■ **WORK ORDER**
Output, exactly as written, the lines below from the one that has "Lunedì 2 settembre" through the one that has "Tank is pictured"; nothing else, and no pictures.

■ **SOURCE MATERIAL**
%%
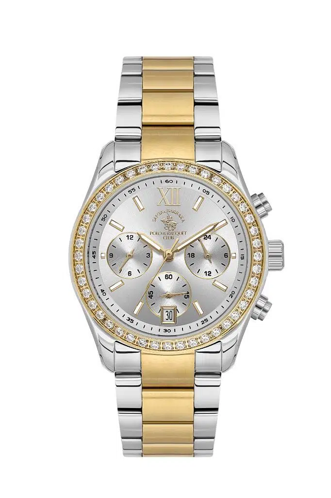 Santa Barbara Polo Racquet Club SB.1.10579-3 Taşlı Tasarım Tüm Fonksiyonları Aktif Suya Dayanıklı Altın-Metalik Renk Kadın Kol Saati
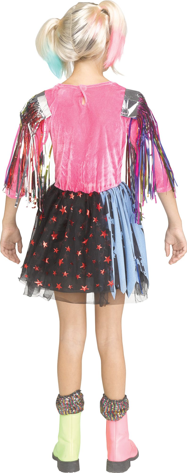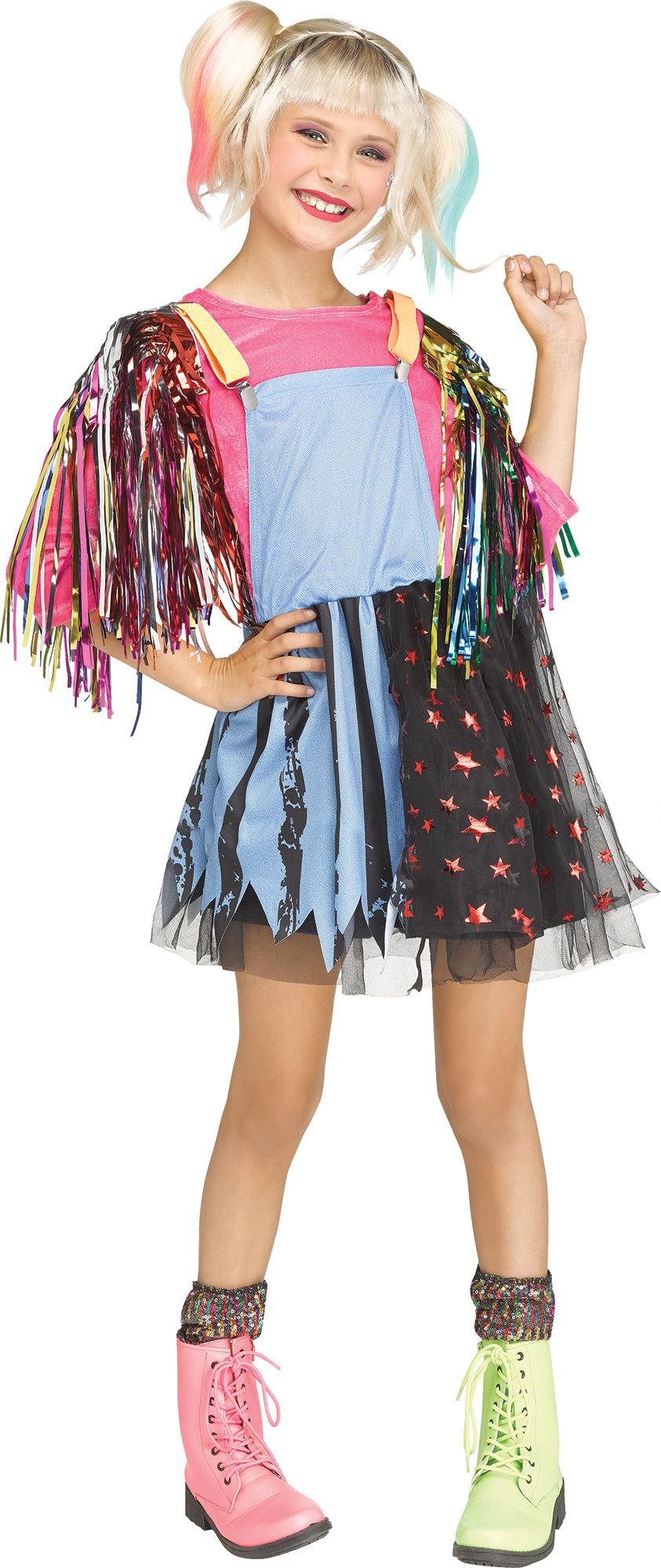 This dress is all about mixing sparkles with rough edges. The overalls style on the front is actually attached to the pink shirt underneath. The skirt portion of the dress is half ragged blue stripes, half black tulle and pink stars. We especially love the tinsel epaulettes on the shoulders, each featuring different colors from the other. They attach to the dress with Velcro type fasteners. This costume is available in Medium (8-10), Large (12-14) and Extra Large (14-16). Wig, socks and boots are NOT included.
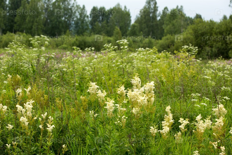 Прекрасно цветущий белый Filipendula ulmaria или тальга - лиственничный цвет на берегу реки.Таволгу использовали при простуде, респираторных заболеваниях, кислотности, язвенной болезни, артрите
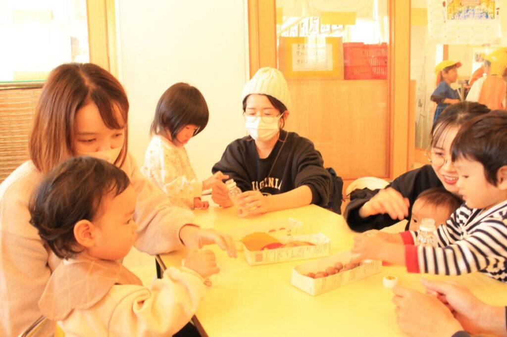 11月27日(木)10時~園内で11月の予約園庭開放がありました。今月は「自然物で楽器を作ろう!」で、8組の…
%%
%%
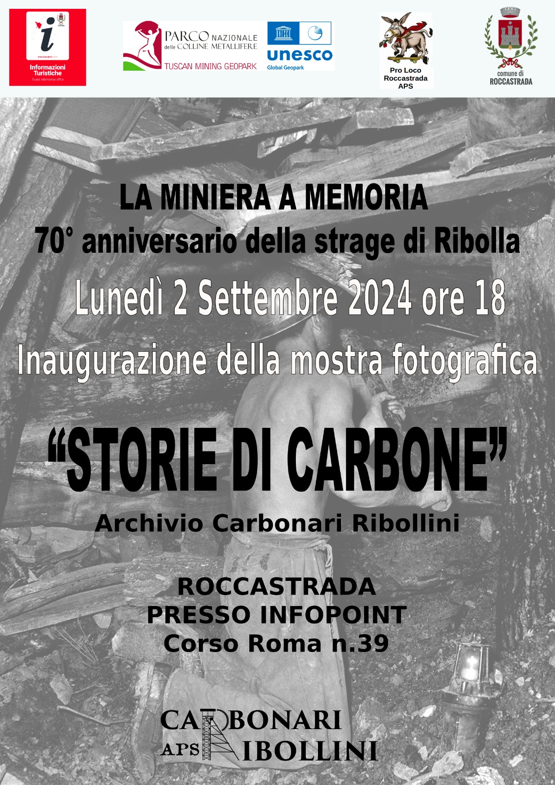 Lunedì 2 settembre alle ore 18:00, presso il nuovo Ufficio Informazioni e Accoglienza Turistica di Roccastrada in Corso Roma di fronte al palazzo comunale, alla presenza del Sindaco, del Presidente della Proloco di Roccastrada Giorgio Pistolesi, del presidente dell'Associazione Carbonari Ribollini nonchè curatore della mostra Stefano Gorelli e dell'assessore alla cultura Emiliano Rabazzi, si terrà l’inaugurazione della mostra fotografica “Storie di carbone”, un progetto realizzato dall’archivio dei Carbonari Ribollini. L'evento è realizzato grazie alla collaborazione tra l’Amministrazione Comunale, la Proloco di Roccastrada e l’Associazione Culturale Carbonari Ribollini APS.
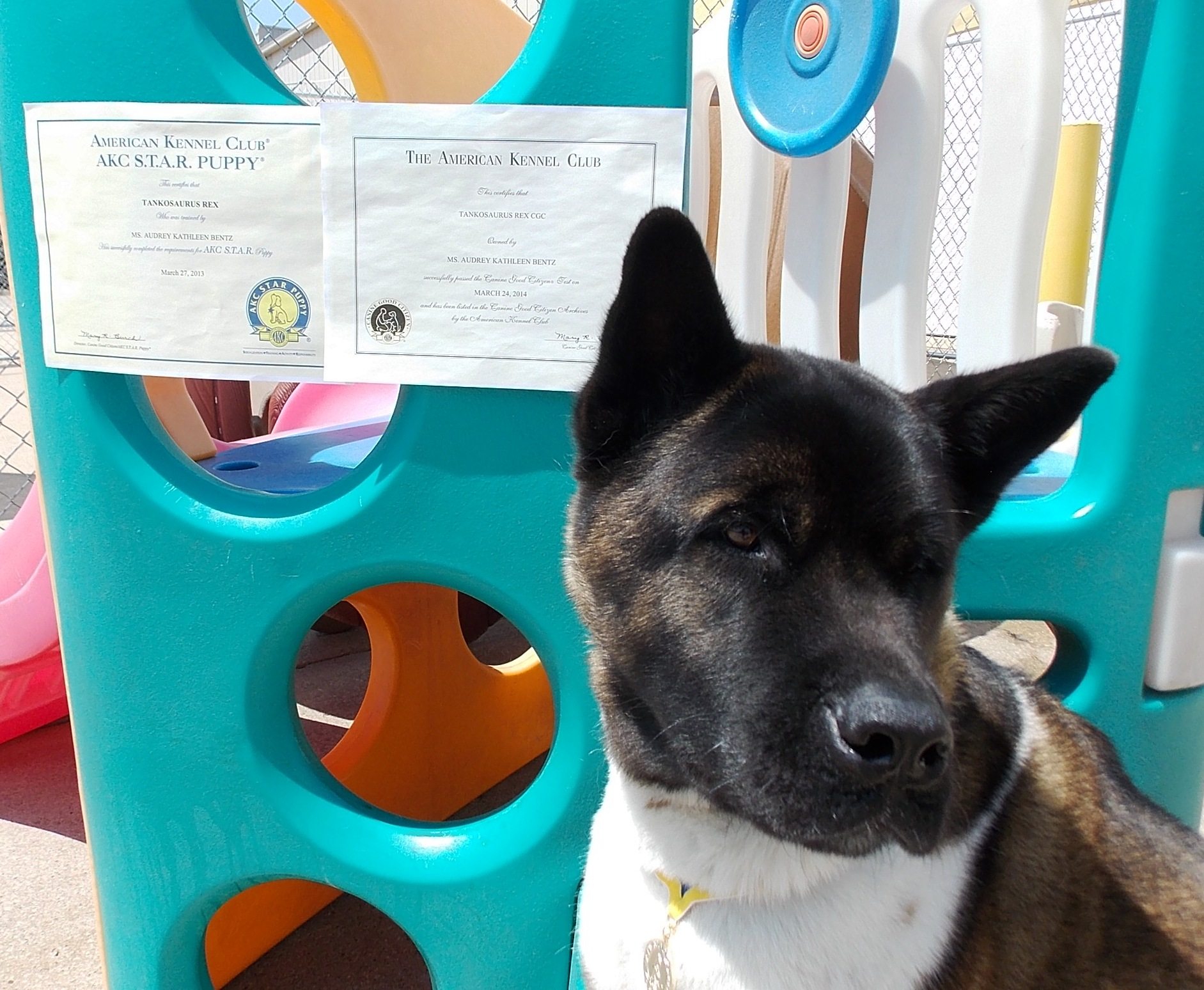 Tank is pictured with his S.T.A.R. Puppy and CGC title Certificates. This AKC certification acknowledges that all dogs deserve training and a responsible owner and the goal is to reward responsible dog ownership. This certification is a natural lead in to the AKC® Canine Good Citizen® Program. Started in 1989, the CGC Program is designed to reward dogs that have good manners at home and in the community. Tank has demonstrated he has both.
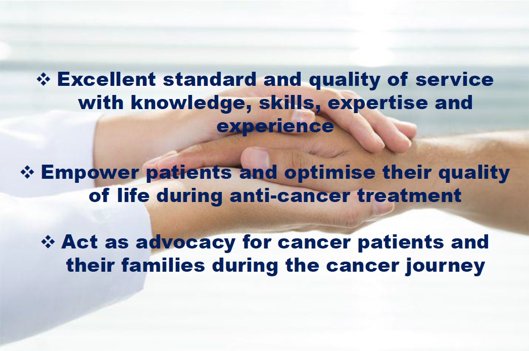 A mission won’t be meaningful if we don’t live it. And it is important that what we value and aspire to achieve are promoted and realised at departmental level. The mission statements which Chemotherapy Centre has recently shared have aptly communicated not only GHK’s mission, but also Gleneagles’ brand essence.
%%
%%
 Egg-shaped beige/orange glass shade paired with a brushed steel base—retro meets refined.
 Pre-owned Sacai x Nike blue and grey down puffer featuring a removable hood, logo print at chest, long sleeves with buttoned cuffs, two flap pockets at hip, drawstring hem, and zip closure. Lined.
%%
■ **ANSWER FOR THE TASK**
 Lunedì 2 settembre alle ore 18:00, presso il nuovo Ufficio Informazioni e Accoglienza Turistica di Roccastrada in Corso Roma di fronte al palazzo comunale, alla presenza del Sindaco, del Presidente della Proloco di Roccastrada Giorgio Pistolesi, del presidente dell'Associazione Carbonari Ribollini nonchè curatore della mostra Stefano Gorelli e dell'assessore alla cultura Emiliano Rabazzi, si terrà l’inaugurazione della mostra fotografica “Storie di carbone”, un progetto realizzato dall’archivio dei Carbonari Ribollini. L'evento è realizzato grazie alla collaborazione tra l’Amministrazione Comunale, la Proloco di Roccastrada e l’Associazione Culturale Carbonari Ribollini APS.
 Tank is pictured with his S.T.A.R. Puppy and CGC title Certificates. This AKC certification acknowledges that all dogs deserve training and a responsible owner and the goal is to reward responsible dog ownership. This certification is a natural lead in to the AKC® Canine Good Citizen® Program. Started in 1989, the CGC Program is designed to reward dogs that have good manners at home and in the community. Tank has demonstrated he has both.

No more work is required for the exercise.